Friedmann Daniel P, Liolios Ana M, Wu Douglas C, Goldman Mitchel P, Eimpunth Sasima
*Westlake Dermatology Clinical Research Center, Westlake Dermatology & Cosmetic Surgery, Austin, Texas; †Cosmetic Laser Dermatology, San Diego, California; ‡Department of Dermatology, University of California, San Diego, San Diego, California; §Department of Dermatology, Faculty of Medicine Siriraj Hospital, Mahidol University, Bangkok, Thailand.
Dermatol Surg. 2015 Oct;41(10):1158-63. doi: 10.1097/DSS.0000000000000467.
Although typically mild, transient, and expected, most adverse events (AEs) postsclerotherapy are inflammatory in nature.
To evaluate the effects of a high-potency topical corticosteroid (TC) applied immediately postsclerotherapy.

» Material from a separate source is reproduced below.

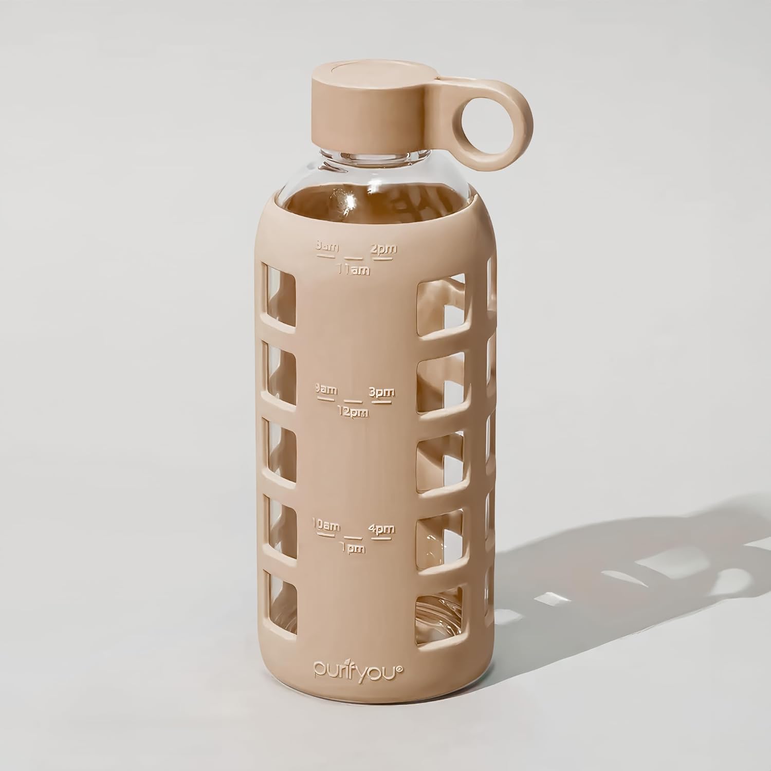 purifyou 40oz / 32oz / 22oz / 12oz Borosilicate Glass Water Bottle with Time & Volume Markers, Silicone Sleeve, Stainless Steel Lid – Reusable Glass Bottle for Water & Juice (22oz Iced Coffee)

Subjects undergoing bilateral lower extremity sclerotherapy with polidocanol had extremities randomized to a single application of betamethasone dipropionate and placebo saline solutions immediately post-treatment in a double-blind manner. Adverse events were assessed for each extremity by subjects at t = 0 (preapplication) and t = 15 (15 minutes postapplication) and by an investigator at t = 0 and t = 15, and at Days 14 and 60. Subjects and investigator evaluated efficacy with a quartile improvement scale.
Sixteen female subjects completed the study. Subjects reported no statistically significant differences in AEs between TC and placebo at either t = 0 or t = 15. Investigator scores for erythema and swelling/urtication were not significantly different between groups at the same time points. Although most subjects demonstrated 26% to 75% improvement at Day 60, results were not significantly different between extremities on subject and investigator evaluation.
High-potency TC application immediately postsclerotherapy produced no statistically significant differences in subject- and investigator-assessed AEs and clearance rates compared with placebo. Foam sclerotherapy with polidocanol is safe and effective for the treatment of lower extremity reticular veins.
尽管硬化治疗后的大多数不良事件(AE)通常症状轻微、短暂且在意料之中,但其本质上是炎症性的。
评估在硬化治疗后立即应用高效局部皮质类固醇(TC)的效果。
接受聚多卡醇双侧下肢硬化治疗的受试者,其双下肢以双盲方式在治疗后立即随机接受一次丙酸倍他米松和安慰剂生理盐水溶液的涂抹。受试者在t = 0(涂抹前)和t = 15(涂抹后15分钟)对每个下肢的不良事件进行评估,研究者在t = 0、t = 15、第14天和第60天进行评估。受试者和研究者使用四分位数改善量表评估疗效。
16名女性受试者完成了研究。受试者报告在t = 0或t = 15时,TC组和安慰剂组在不良事件方面无统计学显著差异。在相同时间点,两组之间研究者对红斑和肿胀/荨麻疹的评分无显著差异。尽管大多数受试者在第60天显示改善26%至75%,但在受试者和研究者评估中,双下肢的结果无显著差异。
与安慰剂相比,硬化治疗后立即应用高效TC在受试者和研究者评估的不良事件及清除率方面无统计学显著差异。聚多卡醇泡沫硬化疗法治疗下肢网状静脉安全有效。